Stop worrying about PostgreSQL locks in your Rails migrations

Published in

Doctolib

10 min readDec 14, 2020

Doctolib applications are used by more than 135 000 medical practitioners in France and Germany. They receive more than 70 million patient visits per month. At peak time, our Postgres database handles more than 15 000 requests per second. Acting in the healthcare field, reliability is critical for us. A downtime directly impacts the access to healthcare for practitioners and patients.

At Doctolib, we write a lot of migrations in our Rails monolith: during the first half of the year 2020, 13 000 pull-requests were merged, in which more than 500 migrations were created and executed against our production database.

The development team also increased to 100 full stack developers. One of our most important principles to handle this quick scale is “keep the stack simple”: we limit the number of technologies that we use, and we stay as close as possible to the standards.

About 2 years ago, we had our first downtime due to a migration, we added a column without any constraint on a relatively small table (less than 100k rows), which looks pretty safe, and the platform went down for a whole minute. From this moment, we started digging into Postgres locking system to prevent any incident of this kind to happen again.

In this article we will go through the most common pitfalls that could happen when migrating a database, and how, at Doctolib, we mitigate them.

This article was co-written with Romain Choquet.
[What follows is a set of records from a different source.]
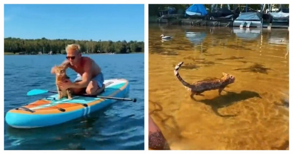 Кот отправился в небольшой отпуск со своими хозяевами. Питомец плавал на сапе, пытался разглядеть "рыбов" в воде и носился по траве на берегу.
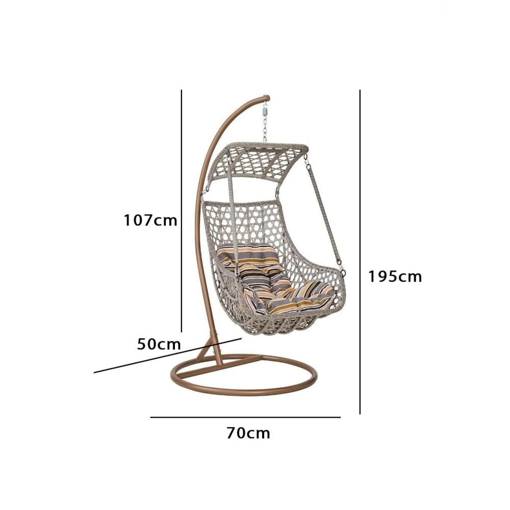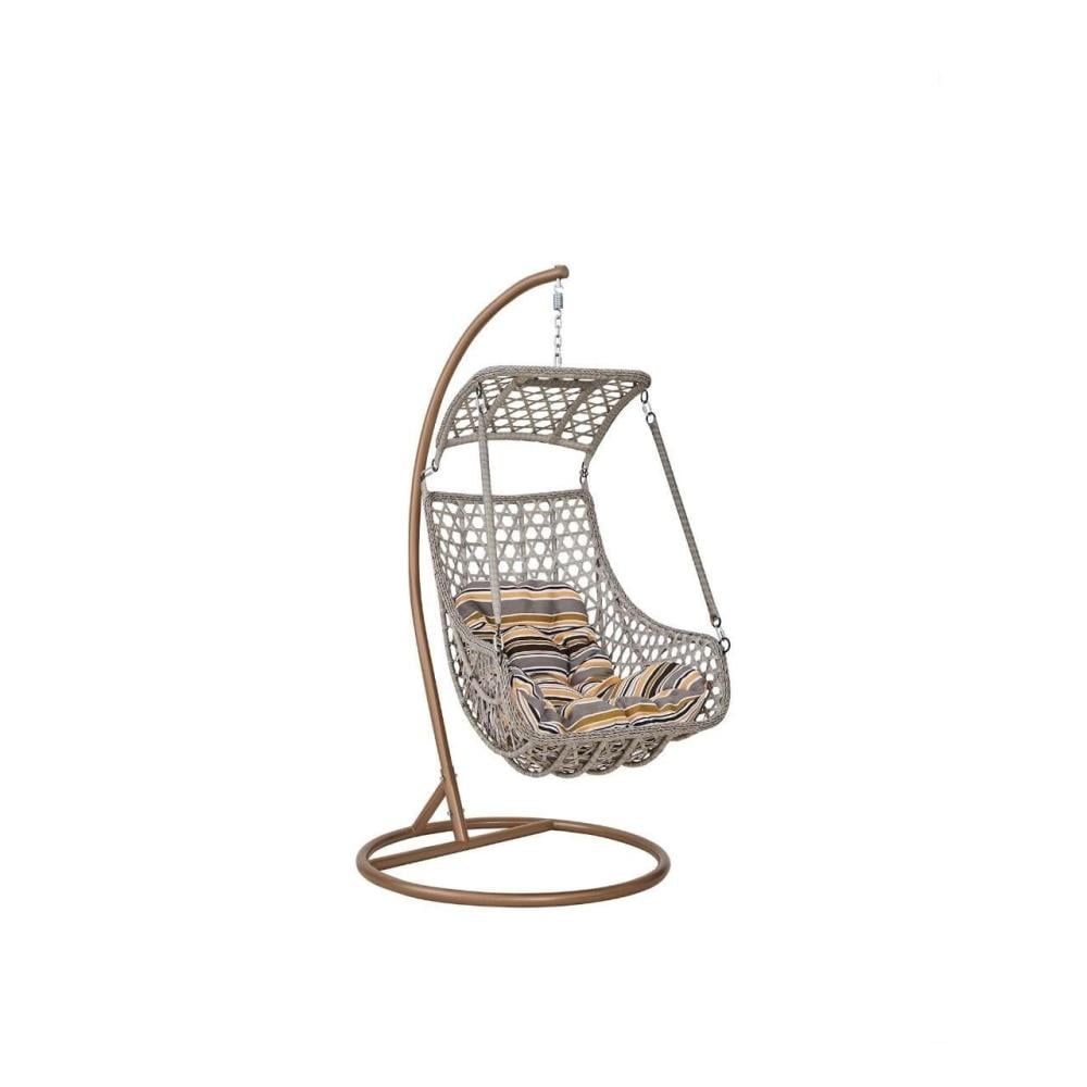 كرسي مرجيحة راتان ومعدن للمساحات الخارجية - لون رمادي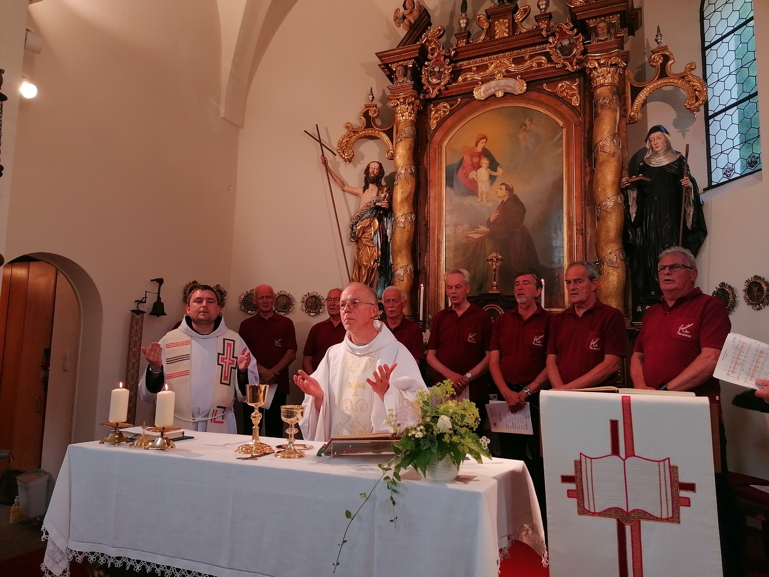 Pfarrer Pater Guido feierte mit Pater Xaver den Festgottesdienst, der mit wunderschönen Liedern vom Franziskanerchor mitgestaltet wurde. Gleich zu Beginn wurde das wunderschöne Holzkreuz gesegnet. Es soll die Besucher beim Verlassen der Kirche immer wieder daran erinnern, dass Jesus mit uns auf dem Weg ist. In seiner Predigt nahm Pater Guido Bezug auf das Leben des Hl. Antonius von Padua. Im Namen der St. Antoniusbruderschaft dankte Heinz Seeburger am Schluss der Hl. Messe den Franziskanern für ihre seelsorgliche Betreuung, dem Franziskanerchor für die musikalische Mitgestaltung. Ein Großer Dank galt Martin Mallitsch und der Familie, für die Leihgabe des Holzkreuzes. Ein besonderer Dank galt aber vor allem dem Kirchenteam mit Lothar Bickel und Fredi Burtscher, die sich vor allem um den Erhalt des Kirchleins und die notwendigen Reparaturen kümmern, der Mesnerin Martha Rödhammer und ihrer Helferin Elvira Rainer und Frau Matt für die Orchideen. Anschließend an die Patroziniums Feier waren dann alle zu einer Agape, zur Begegnung im Miteinander am Kirchplatz geladen. Alle fühlten sich wohl, tauschten sich aus und feierten bis spät in den Abend hinein.

Making a migration safe can be daunting

Migrations are manipulations of the database structure: they often add or remove columns, modify indexes or create new constraints. Often, due to Postgres concurrency model, these manipulations cannot be executed concurrently with other requests. For example, it is not possible to read on a table while adding a new column: PostgreSQL will wait for one operation to finish before executing the next one.

In the context of a high-load database, not being able to use a specific table for more than a few seconds can be catastrophic: all requests will start queuing and it may put the whole platform down.
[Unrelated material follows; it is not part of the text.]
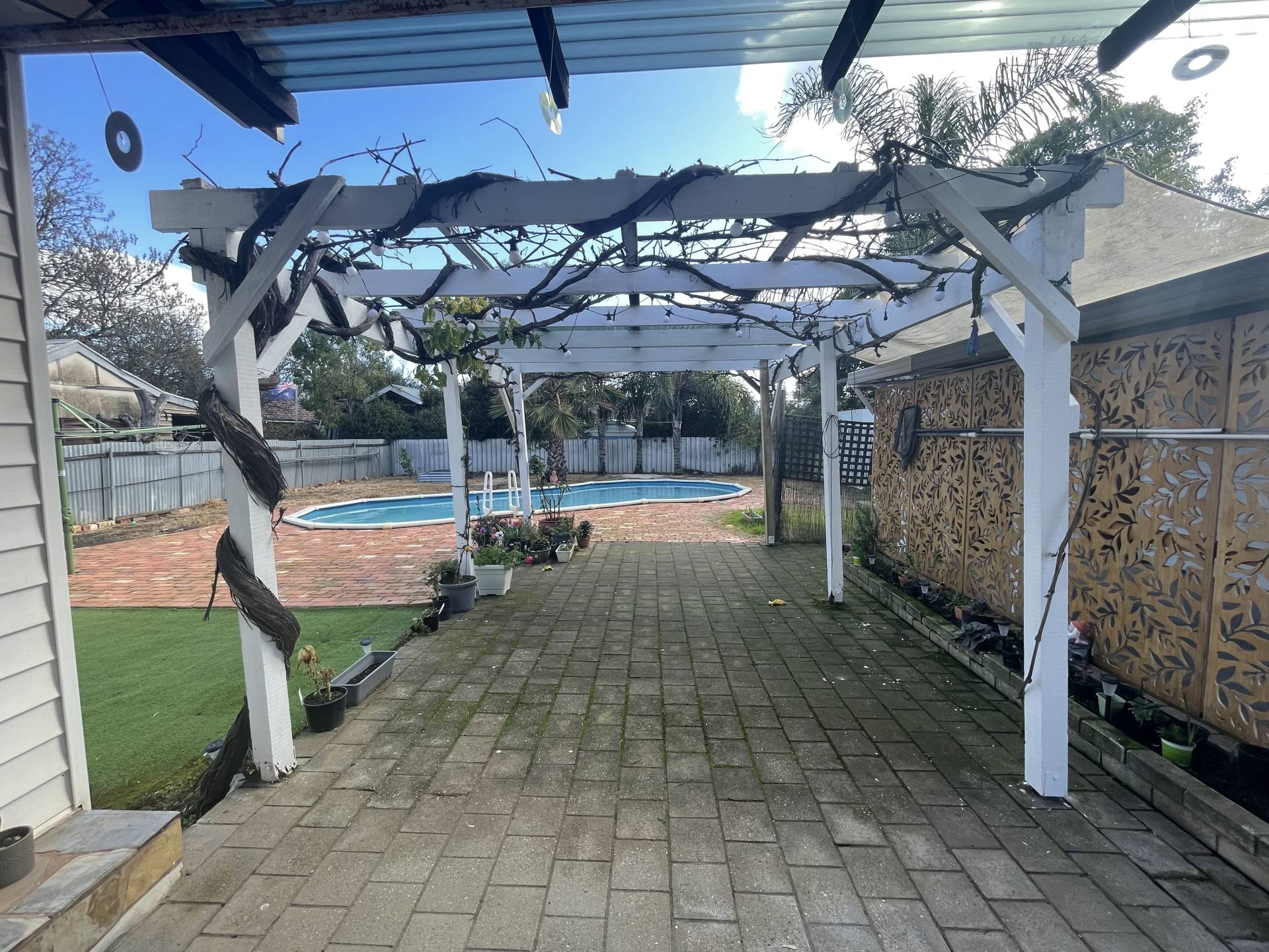 Large Paved patio area, single garage, single carport and sundry shedding approx 3.8x3.8m. inground pool (awaiting pool cert re: fencing requirements, this will be sorted prior to a tenant commencing)

Let’s look at a few examples of Rails migrations, the kind of locking they require, and how to mitigate their impact.

Adding an index

Adding an index is done quite frequently: over the past 6 months, 10% of the migrations made at Doctolib were creating an index.

The default way of doing it is pretty straightforward. According to the documentation we would write it as follows:

The add_index method translates to a CREATE INDEX statement in Postgres. If we take a look at the locking documentation we see that this type of statement requires a SHARE lock, which will prevent any write to that table while the index is being created.

Most of the time we cannot afford to prevent writing on a table for more than a few seconds, and an index creation is likely to require far more to complete. Fortunately since PostgreSQL 8.2, indexes can be created concurrently, meaning they will not block write operations.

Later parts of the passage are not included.